Bright is not the only company to feel left out by DOE EV funding. California-based startup companies have also complained that they've been shut out. In a normal economy this probably wouldn't matter, because EVs are like the Internet startups of the 21st century and would naturally attract willing investors. But this is not a normal economy, and the DOE's purse is the only one open for business right now.
INDIANAPOLIS, INDIANA--John Waters, President of Bright Automotive, stops the car in an industrial pocket of Indianapolis and gestures at a nondescript building. "Right there is where we built the batteries for the General Motors EV-1 battery car. In that building, we tested the first large-format lithium-ion batteries that were used on the Segway. And over there, we electrified anything with wheels on it: sports cars, trucks, golf carts."Anderson, Indiana is 20 miles east of Indianapolis. At one time it had 28,000 General Motors employees, but now many of those buildings are razed. The action today--and Waters and his company are in the thick of it--surrounds battery cars and plug-in hybrids. Waters was a founder of battery maker EnerDel, and that company has a factory here supplying Fisker (plug-in hybrids), Think (battery cars) and others. GM still does battery work here, and also created fleets of GM/Allison hybrid-electric buses.
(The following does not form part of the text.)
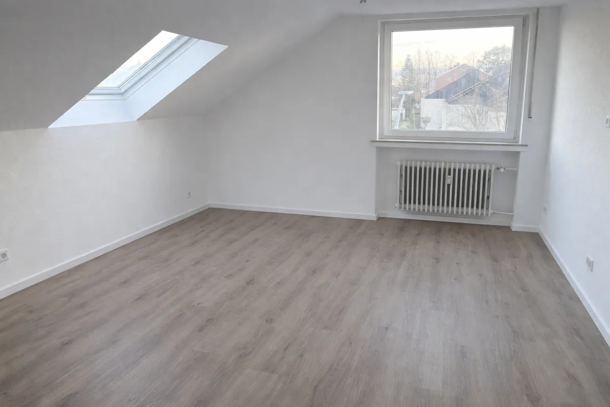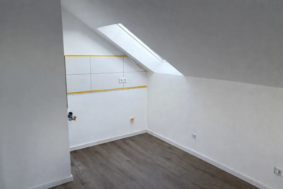 Erstbezug nach Sanierung! Diese gemütliche Dachgeschoss Wohnung liegt im 2. Obergeschoss eines kleinen Mehrfamilienhauses. Der Ausbau des Dachgeschosses erfolgte 1981. Die Wohnung unterteilt sich in eine großzügige Wohnküche, ein Wohnzimmer und ein Schlafzimmer sowie ein Badezimmer. Ein praktischer Abstellraum und ein eigener Stellplatz komplettieren diese Wohnung. Der kleine Garten kann von allen Bewohnern des Hauses genutzt werden.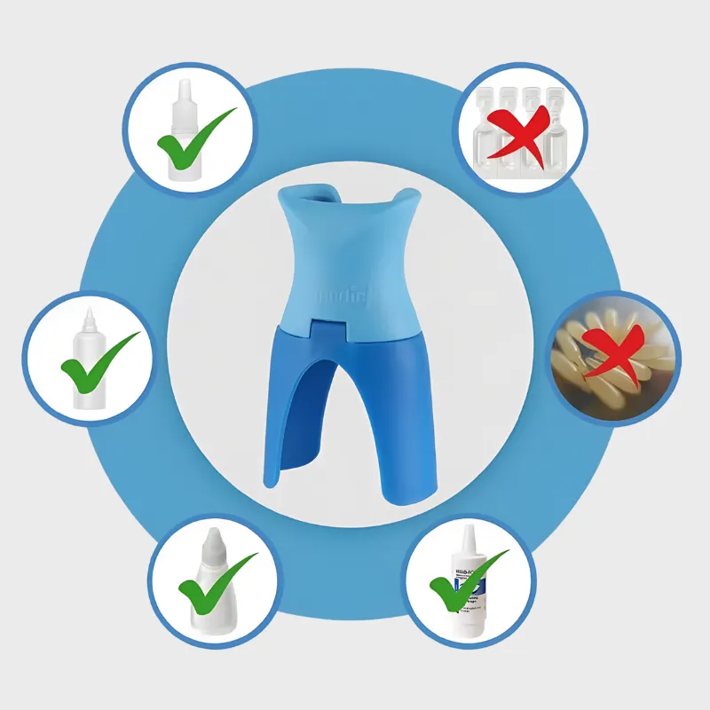 Fungerer med alle øyedråpeflaskene mine. Lett, så jeg har den i vesken. Ingen vonde merker etter bruk, noe jeg setter pris på.

But not far from GM's facilities is a business incubator named Flagship Enterprise Center, and it is on that gleaming campus that Bright built the Idea, a plug-in hybrid commercial van that could be operated for 41 to 43 cents per mile. The all-aluminum van, with 40 miles of all-electric range and a cavernous rear compartment capable of carrying a flat sheet of plywood, is beautifully finished and drove very well indeed in a short test ride. But there is only the one prototype. And here it is on video: The Idea has drawn interest from a variety of commercial customers, including Frito-Lay, Coca-Cola and FedEx, but before it can make sales Bright has to raise capital for final testing and to build manufacturing capacity.
That capital is, increasingly, available from foreign partners. Waters showed me an intricately carved box, a gift from Chinese visitors interested in a $500 million joint venture. Other foreign investors have also come forward, said Waters, who is enough of a patriot to prefer building the Idea in the U.S.
But that may be difficult. Private capital has been hard to raise in the current climate, and the Department of Energy's $25 billion Advanced Technology Vehicles Manufacturing loan program has funded EV startups Fisker and Tesla, but not Bright. Some $8 billion has been awarded, and there's at least $15 billion to come, but much of that could end up with General Motors or Chrysler (shut out of the first round because they were in bankruptcy). This gets Waters agitated.
"I believe we have a solid business plan, solid investors, solid solutions," Waters said. "But our funding in the U.S. has been delayed while other countries are wooing us. We've held out, but now we're returning their calls. We're losing faith in Capitol Hill." Bright is helping make ends meet with an engineering consulting and services division that is converting gas vehicles to plug-in hybrids and EVs.
Bright is not the only company to feel left out by DOE EV funding. California-based startup companies have also complained that they've been shut out. In a normal economy this probably wouldn't matter, because EVs are like the Internet startups of the 21st century and would naturally attract willing investors. But this is not a normal economy, and the DOE's purse is the only one open for business right now.